WHAT IS EXPECTED: The entries below contain pictures, which are to be left out; write out exactly, and only, the lines from the line with "Y2K Vintage Heavy" up to and including the line with "This print features".
(INFORMATION SUPPLIED begins)
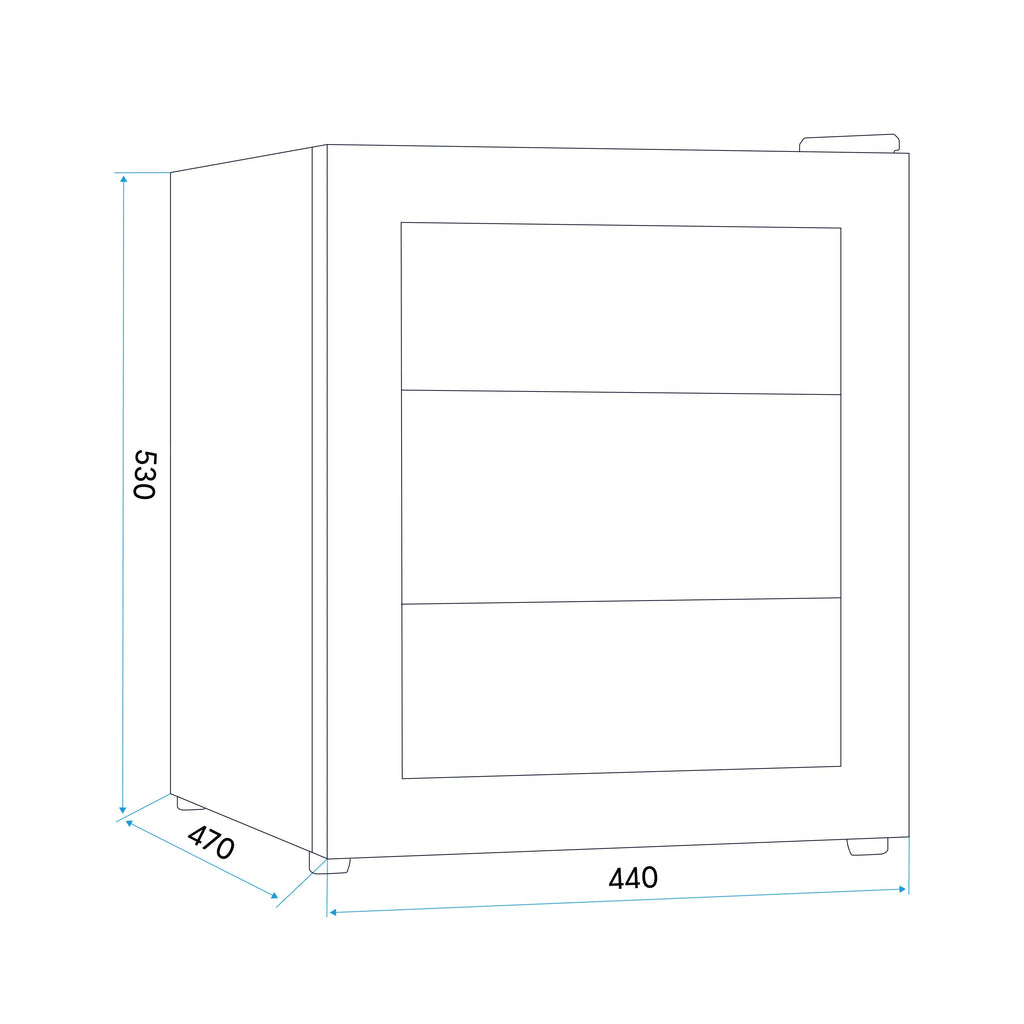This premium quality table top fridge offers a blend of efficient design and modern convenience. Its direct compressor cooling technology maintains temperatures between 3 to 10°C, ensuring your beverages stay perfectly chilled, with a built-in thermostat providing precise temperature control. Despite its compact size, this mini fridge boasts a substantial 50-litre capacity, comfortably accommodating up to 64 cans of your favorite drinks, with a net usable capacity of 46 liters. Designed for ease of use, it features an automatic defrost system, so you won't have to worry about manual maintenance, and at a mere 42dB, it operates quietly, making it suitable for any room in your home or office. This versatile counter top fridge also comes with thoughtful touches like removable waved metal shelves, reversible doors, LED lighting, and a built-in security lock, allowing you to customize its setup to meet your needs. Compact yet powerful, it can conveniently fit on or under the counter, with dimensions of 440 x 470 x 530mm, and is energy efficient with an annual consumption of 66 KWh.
(INFORMATION SUPPLIED ends)
(INFORMATION SUPPLIED begins)
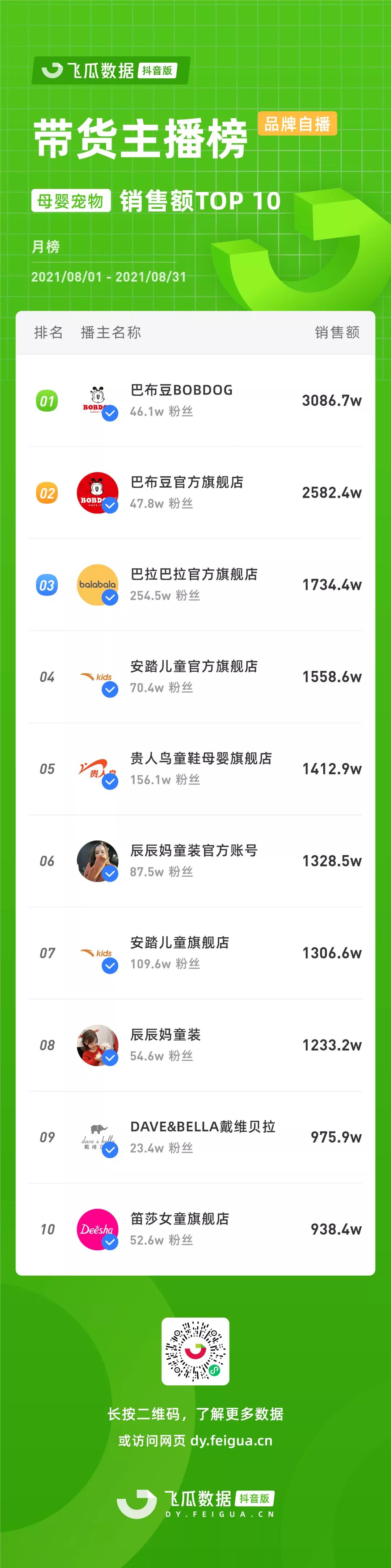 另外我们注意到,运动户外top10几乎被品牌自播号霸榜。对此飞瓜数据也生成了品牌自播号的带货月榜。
(INFORMATION SUPPLIED ends)
(INFORMATION SUPPLIED begins)
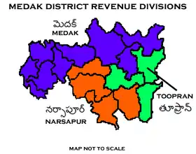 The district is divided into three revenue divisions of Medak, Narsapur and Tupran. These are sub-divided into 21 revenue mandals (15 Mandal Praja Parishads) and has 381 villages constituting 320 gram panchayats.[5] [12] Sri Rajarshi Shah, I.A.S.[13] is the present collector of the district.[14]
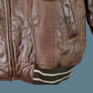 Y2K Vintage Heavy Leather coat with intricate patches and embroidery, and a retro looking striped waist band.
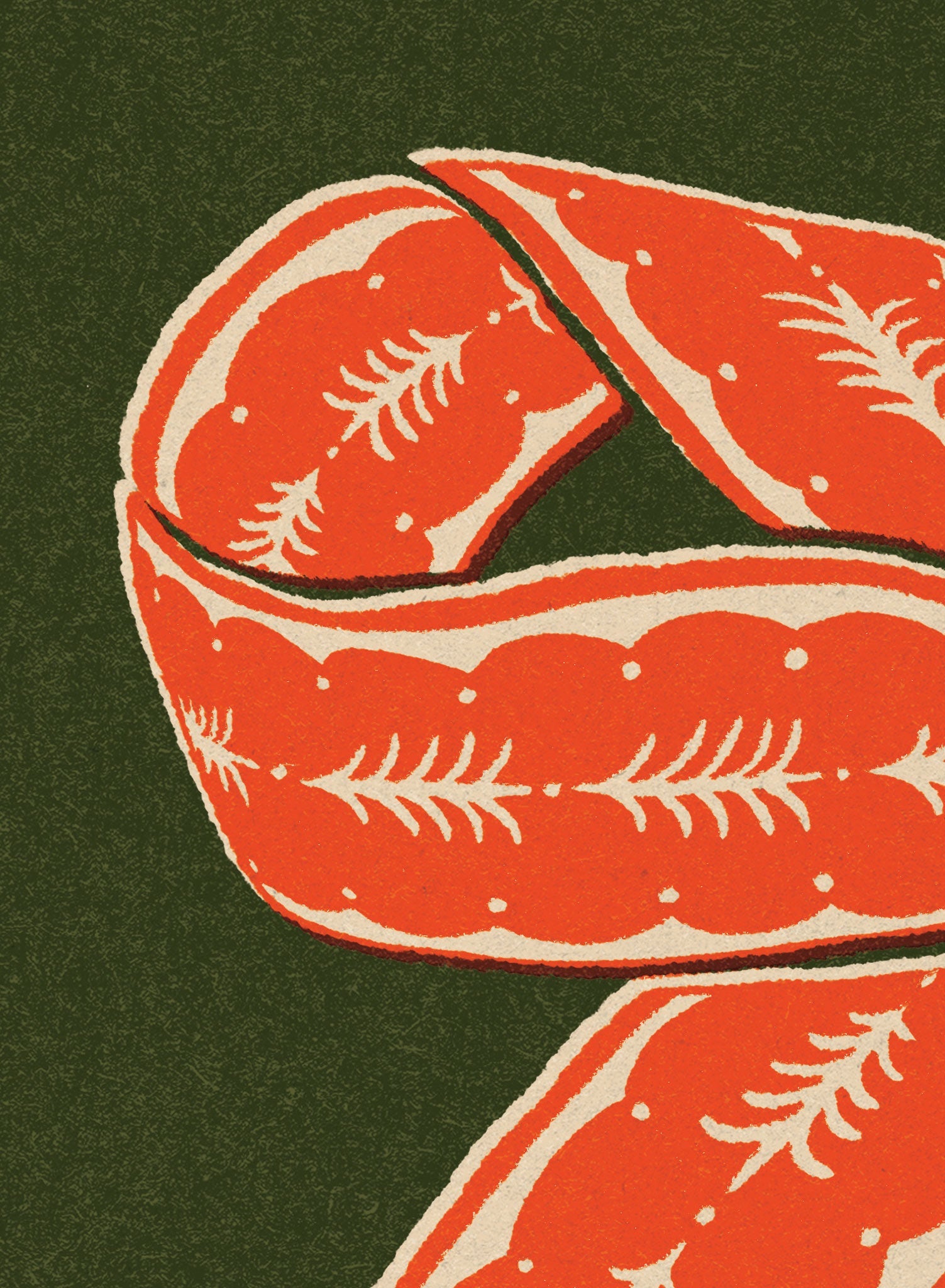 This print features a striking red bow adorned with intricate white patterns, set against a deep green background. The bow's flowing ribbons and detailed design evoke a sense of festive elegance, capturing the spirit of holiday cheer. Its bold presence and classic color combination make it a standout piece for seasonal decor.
(INFORMATION SUPPLIED ends)
WRITTEN REPLY:
 Y2K Vintage Heavy Leather coat with intricate patches and embroidery, and a retro looking striped waist band.
 This print features a striking red bow adorned with intricate white patterns, set against a deep green background. The bow's flowing ribbons and detailed design evoke a sense of festive elegance, capturing the spirit of holiday cheer. Its bold presence and classic color combination make it a standout piece for seasonal decor.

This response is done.